The surgery was successful. Dr. James told Charlie he was proud of him. He said the dog wouldn’t have survived if Charlie hadn’t taken immediate action.

A few days later, an older woman rang the doorbell. Charlie answered it. The woman smiled and said, “You must be Charlie. Dr. James said you saved Sasha’s life. Thank you.”

She reached out and hugged him, wetting his shirt with her tears. She told him Sasha had gotten out of the fenced yard when someone accidentally left the gate open. She said she didn’t know what she would have done if Sasha had died.

As she got up to leave, she turned to Charlie and spoke the words that would change his life, “You know, young man. You ought to seriously consider being a vet. You’ve obvious got a talent for it.”

 *     *     *     *     *

Most of us know about giving CPR to people, but did you know you can give CPR to animals?  It’s not very different than human CPR. If you want to know more, check out this site.

14 comments on “Fiction Friday: The Talent

  1. jean sampson says:

    OMG Sara, what a touching, meaningful story. I loved it because first, the dog lived. But second, I loved that Charlie found the thing that he had talent for. Sometimes it takes quite awhile, especially if there is pressure to fulfill some family tradition. I have taught art to children who feel so much pressure to perform because ” Grampa was such a good artist” and it was expected that the child would follow in Grampa’s footsteps. Needless to say, the child wanted to do anything but art because of all the expectations. And the parents only meant to reassure the child that he would be a good artist because of Grampa!

    • Sara says:

      @ Jean — Yes, a happy ending is required on most of my writings. I could never write a dog dead!

      You’re so right about pressure being put on kids and how it turns them off. Sometimes this makes me sad when I run into someone who says, “I’m not creative at all.” I believe everyone is creative.

      I’m pleased you liked “The Talent.”

  2. Suzen says:

    Hi Sara! Well this was WONderful! Very sweet! You obviously have a “talent” too! :)

  3. Linda says:

    Oh what a sweet story. Everyone has something they are good at. Sometimes it takes a while to discover it, like Jean said, because of pressure to be like someone else. We must all be who we are.

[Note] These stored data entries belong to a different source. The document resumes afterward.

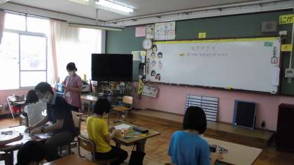 7月10日(金),図工の学習では「七夕かざり」の学習をしました。学習のめあては「長くてきれいなわかざりをつくろう」でした。子どもたちは思いにあった折り紙を選んで素敵なわかざりをつくっていました。やはり金色や銀色が人気でした。
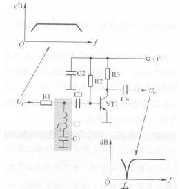 (2)輸入信號頻率高于或低于石。對于輸入信號中頻率高于或低于fo的信號,由于與Ll和Cl的諧振頻率不等,這時(shí)Ll和Cl串聯(lián)電路失諧,其阻抗很大,其輸入信號不會(huì )被Ll和Cl旁路到地,而是加到了VT1基極,經(jīng)VT1放大后輸出。
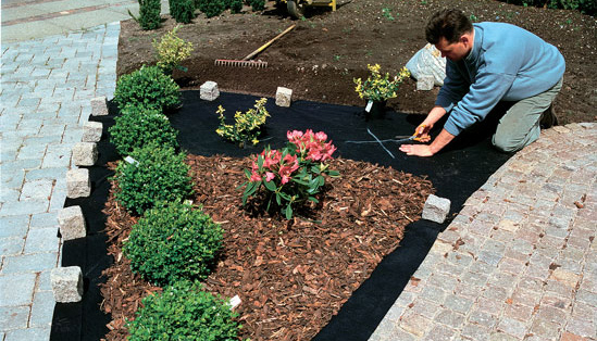 Det er vigtigt, at du bruger en rigtig ukrudtsdug. Der findes mange forskellige Fibertex-duge. Vi kender alle de grå Fibertex-duge, som kan lægges under indkørslen for at undgå hjulspor, men i havebede er det vigtig, at du bruger den sorte Fibertex-dug – den såkaldte ukrudtsdug.
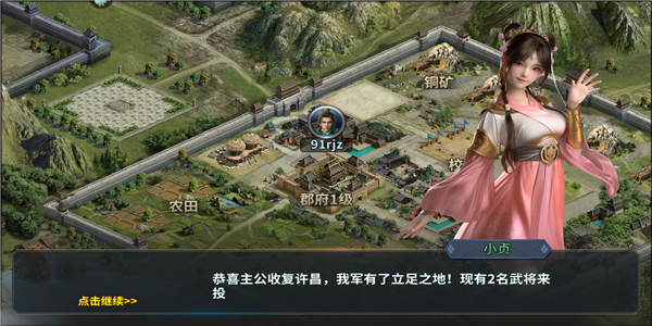 不仅如此这款大战国手游还有着内政系统,你需要不断升级农田、校场、铜矿、郡府来增加自己的粮草、人口、金币等资源,通过使用这些资源来完成对于武将的升级,同时也能够升级军威来提升所有武将的战斗力,逐渐成长成一位可以称霸一方的存在!
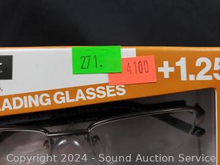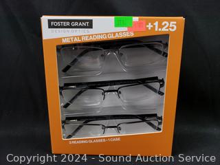 Lot #0271: 3 Foster Grant Metal +1.25 Reading Glasses w/1 Case
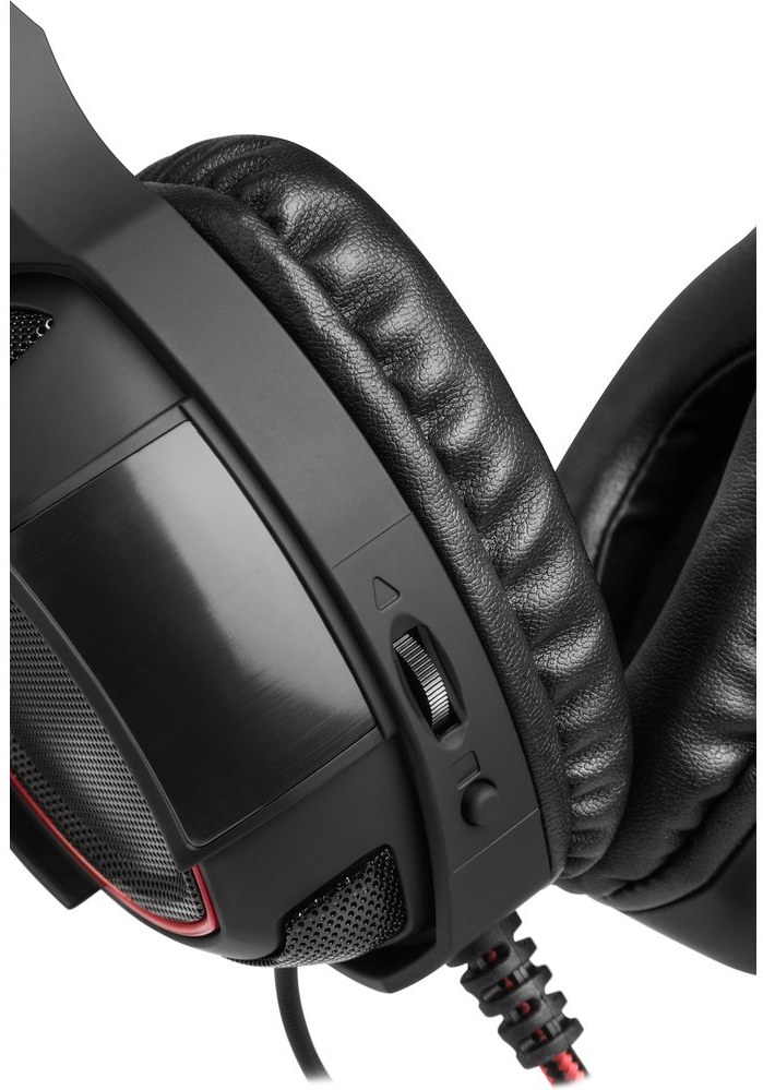Herná náhlavná súprava SABOTAGE s 7.1 kanálovým priestorovým zvukom obohateným o basové vibrácie prináša pôsobivé herné zážitky a atmosféru. Vďaka realistickému priestorovému zvuku počujete každý krok alebo pohyb vašich nepriateľov s presnou lokalizáciou a budete pripravení k obrane alebo sabotáži ich akcií zo správneho smeru. Poloha mikrofónu je nastaviteľná pomocou ohybného krku, aby bola zaistená perfektná a čistá hlasová komunikácia. Decentná LED signalizácia informuje o používaní alebo stlmení mikrofónu. Ovládanie hlasitosti a stlmenie mikrofónu - vypínač vibrácií sú zabudované do ľavého slúchadlá pre jednoduchý a rýchly prístup k nastaveniam a zamedzenie napínanie kábla, ku ktorému dochádza u bežných ovládačov na kábli. Hlavový most so samočinným nastavením a náušníky sú navrhnuté pre absolútne pohodlie pri dlhom hraní hier. Statické decentné červené podsvietenie definuje váš herný štýl a zaisťuje viditeľnosť náhlavnej súpravy v tmavom prostredí - počas hrania hier neruší vás, ani vaše spoluhráčov. Pre pohodlné a neobmedzené užívanie sa táto náhlavná súprava pripája k počítaču pomocou opleteného kábla s dĺžkou 2,4 m s ochranou proti zamotaniu a pozláteným konektorom USB.

    I love the way Charlie took charge and saved the dog. Indeed, he was a special person. Great story!

    • Sara says:

      @ Linda — The nice thing about this story is I learned about animal CPR. You never what you’ll learn when you write something.

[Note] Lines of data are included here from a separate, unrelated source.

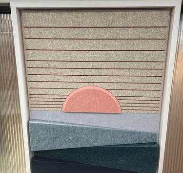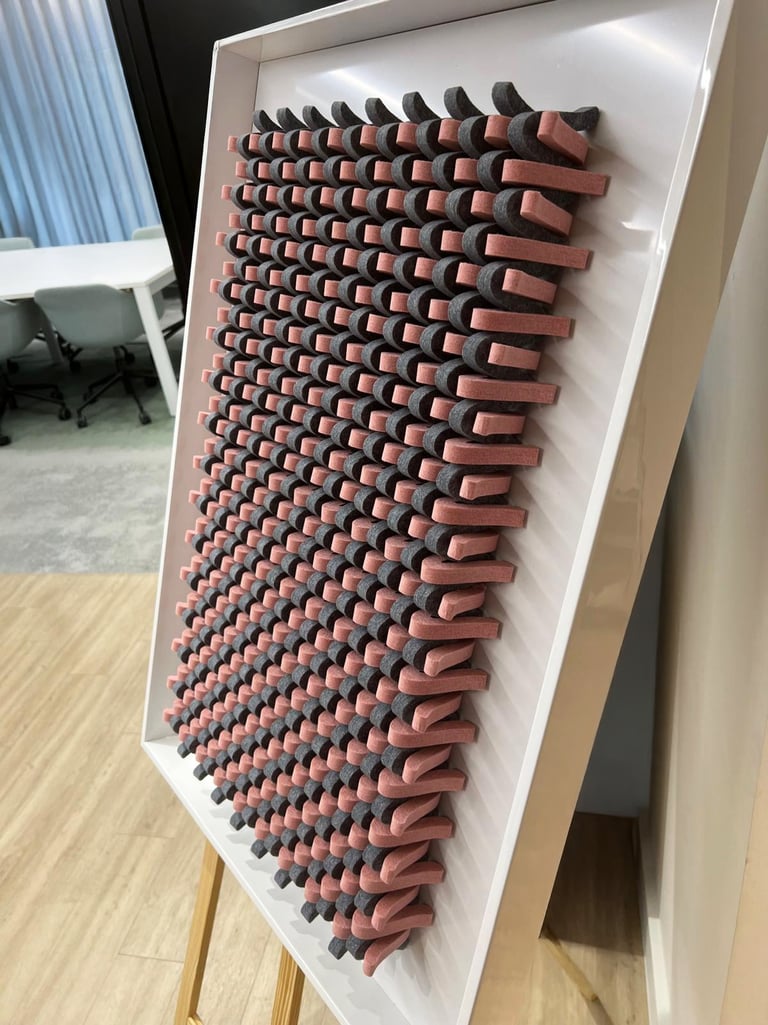 Tai modernus būdas suderinti akustiką su interjero estetika. Iš specialios akustinės medžiagos išpjaustomi įvairūs raštai ar formos, kurie vėliau įrėminti tampa stilingu akcentu kambaryje.
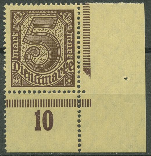 Deutsches Reich Dienstmarke 1920 Plattendruck D 33 a P UR Ecke 4 postfrisch
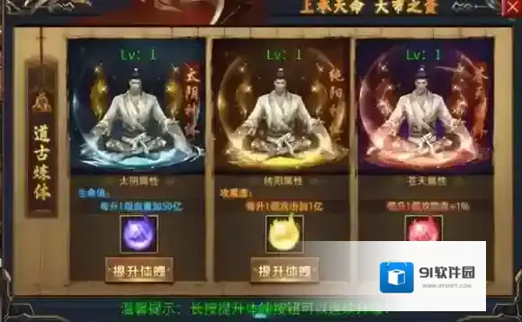 提升太阴、纯阳、苍天等属性体魄,能分别增加生命、攻击、防御等属性。
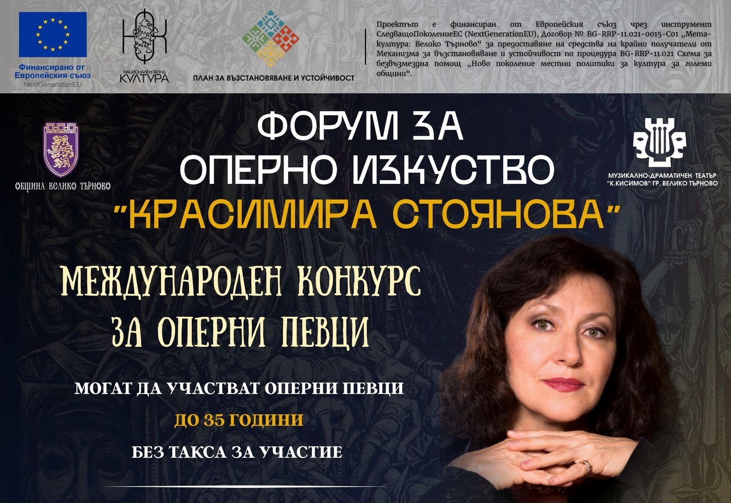 Амбициозният конкурс се реализира с подкрепата на европейски средства. Директорът на Форума Васил Вълчев споделя, че събитието е естествено продължение и надграждане на майсторските класове, които Красимира Стоянова провежда във Велико Търново и които завършват с гала-концерт на лауреатите заедно с оркестъра на великотърновския театър.
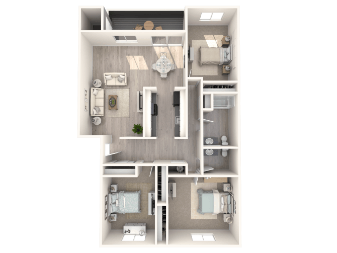 Modelo de apartamento: 3A3 Dormitorios, 1.5 Baños, 1157 sq ftDisponible December 12, 2025![]()
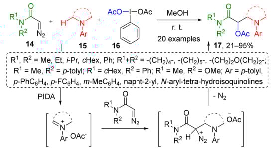 Several catalyst-free methodologies involving iminium species have also been developed, which is much less common. In the first one, diazo acetamides 14 were involved in a reaction with iminium acetate which was generated by oxidation of N-substituted anilines 15 by PIDA 16 (phenyliododiacetate), a hypervalent iodine compound (Scheme 4) [16]. This approach has another remarkable feature—iminium generation by oxidation instead of much more common condensations. The developed protocol delivered both cyclic and acyclic products 17 (derivatives of α-acetoxy-β-aminopropionic acid) depending on substation pattern in aniline. Interestingly, the third component contributing to the structure of product—acetoxy group comes from the same reagent (PIDA), therefore it has a double function.

      Thanks for your comment and for reading this story:~)

  4. Valerie says:

    This wonderful story is a reminder not only of the importance of being able to perform CPR, no matter who may need it, but it’s also a invaluable reminder to parents that we need to let our children shine doing what they are best at, not what we wish they were best at. And we need to let them know how proud of them we are!

    Great story, Sara-you never disappoint!

  5. Carrie says:

    Sara – you are fabulous, your words calm me and make me feel hope. Maybe someday I’ll fighure out what I’m meant to be doing with my life; you my love, you have a gift and I am so lucky to have found you so I can benefit from it myself. xx

    • Sara says:

      @ Carrie — Your words are so nice — its make me tear up. You are one of the most talented people I know. You have a wonderful gift of creativity in many areas, but especially your photography. Keep your chin up; the sun will be back out soon.

  6. Caity says:

    I love your stories. You are such an awesome writer. Thank you for sharing this with us.

  7. Kelvin Kao says:

    Nice story, Sara. I am curious, have you actually seen this done or did you see it in your research? When I first saw the ABC thing, I thought, huh, I’ve only heard of it when we are talking about humans. But then again, all animals have those same thing too. And then there’s the CPR stuff. I have never thought about those things being applied to animals!

    • Sara says:

      @ Kelvin — No, I haven’t performed CPR on any of my animals. Hopefully, I will not have to, but at least I know how. I wanted the story to be accurate and so, did the research. I also realized lots of us who have pets might not realize we can help our pet in a crisis and this includes cats and smaller dogs.